[Data for this exercise Boundary: Start]
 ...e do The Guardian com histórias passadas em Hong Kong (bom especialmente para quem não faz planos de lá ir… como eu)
[Data for this exercise Boundary: End]
[Data for this exercise Boundary: Start]
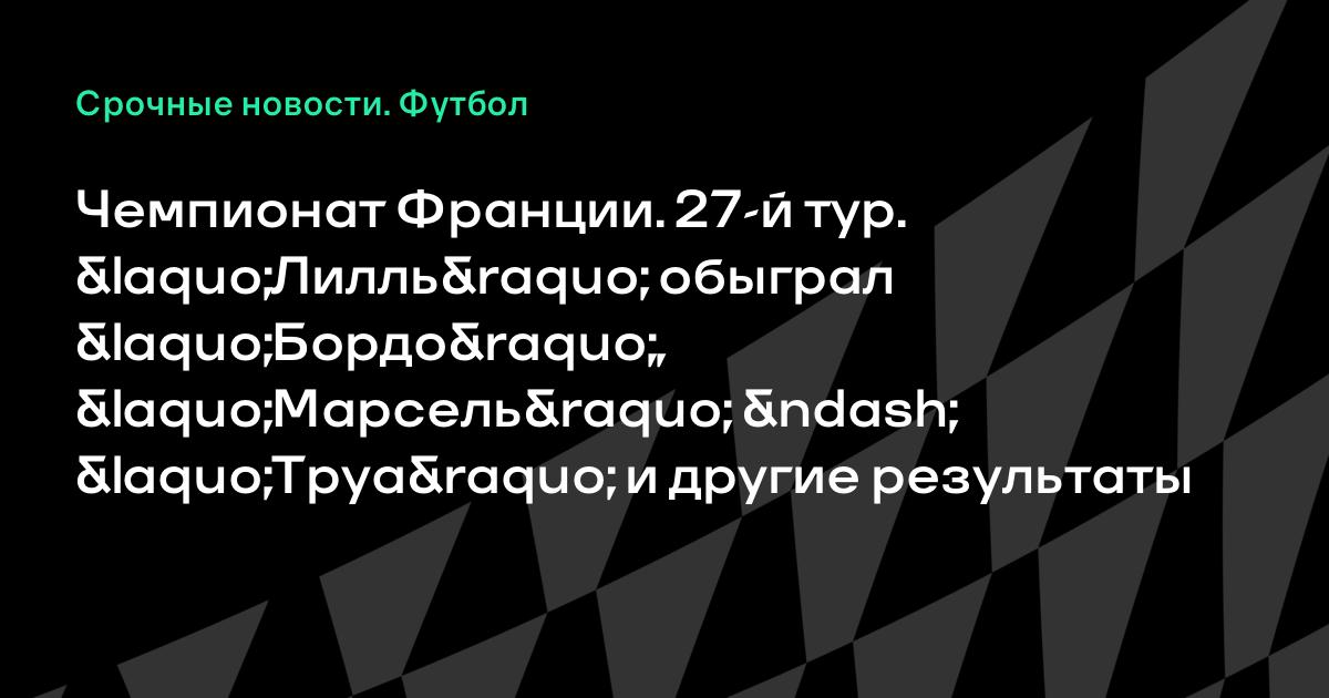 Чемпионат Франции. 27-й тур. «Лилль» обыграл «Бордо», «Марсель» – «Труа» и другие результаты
[Data for this exercise Boundary: End]
[Data for this exercise Boundary: Start]
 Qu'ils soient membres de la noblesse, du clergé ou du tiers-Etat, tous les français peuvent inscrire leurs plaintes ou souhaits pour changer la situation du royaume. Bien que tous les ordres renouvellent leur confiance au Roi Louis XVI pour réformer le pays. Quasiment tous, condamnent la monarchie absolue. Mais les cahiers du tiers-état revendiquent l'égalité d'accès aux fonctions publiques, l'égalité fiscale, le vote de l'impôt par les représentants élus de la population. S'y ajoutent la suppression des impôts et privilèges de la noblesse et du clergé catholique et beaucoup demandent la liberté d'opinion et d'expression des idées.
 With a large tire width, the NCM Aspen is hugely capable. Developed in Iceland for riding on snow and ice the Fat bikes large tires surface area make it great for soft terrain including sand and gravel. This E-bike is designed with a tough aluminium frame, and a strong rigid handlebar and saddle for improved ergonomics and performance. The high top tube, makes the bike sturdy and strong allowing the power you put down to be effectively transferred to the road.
[Data for this exercise Boundary: End]
Goal of the exercise: Please give back, exactly as it stands above, the stretch from the line with "Qu'ils soient membres" through the line with "With a large", and no line outside it.

Solution for this task:
 Qu'ils soient membres de la noblesse, du clergé ou du tiers-Etat, tous les français peuvent inscrire leurs plaintes ou souhaits pour changer la situation du royaume. Bien que tous les ordres renouvellent leur confiance au Roi Louis XVI pour réformer le pays. Quasiment tous, condamnent la monarchie absolue. Mais les cahiers du tiers-état revendiquent l'égalité d'accès aux fonctions publiques, l'égalité fiscale, le vote de l'impôt par les représentants élus de la population. S'y ajoutent la suppression des impôts et privilèges de la noblesse et du clergé catholique et beaucoup demandent la liberté d'opinion et d'expression des idées.
 With a large tire width, the NCM Aspen is hugely capable. Developed in Iceland for riding on snow and ice the Fat bikes large tires surface area make it great for soft terrain including sand and gravel. This E-bike is designed with a tough aluminium frame, and a strong rigid handlebar and saddle for improved ergonomics and performance. The high top tube, makes the bike sturdy and strong allowing the power you put down to be effectively transferred to the road.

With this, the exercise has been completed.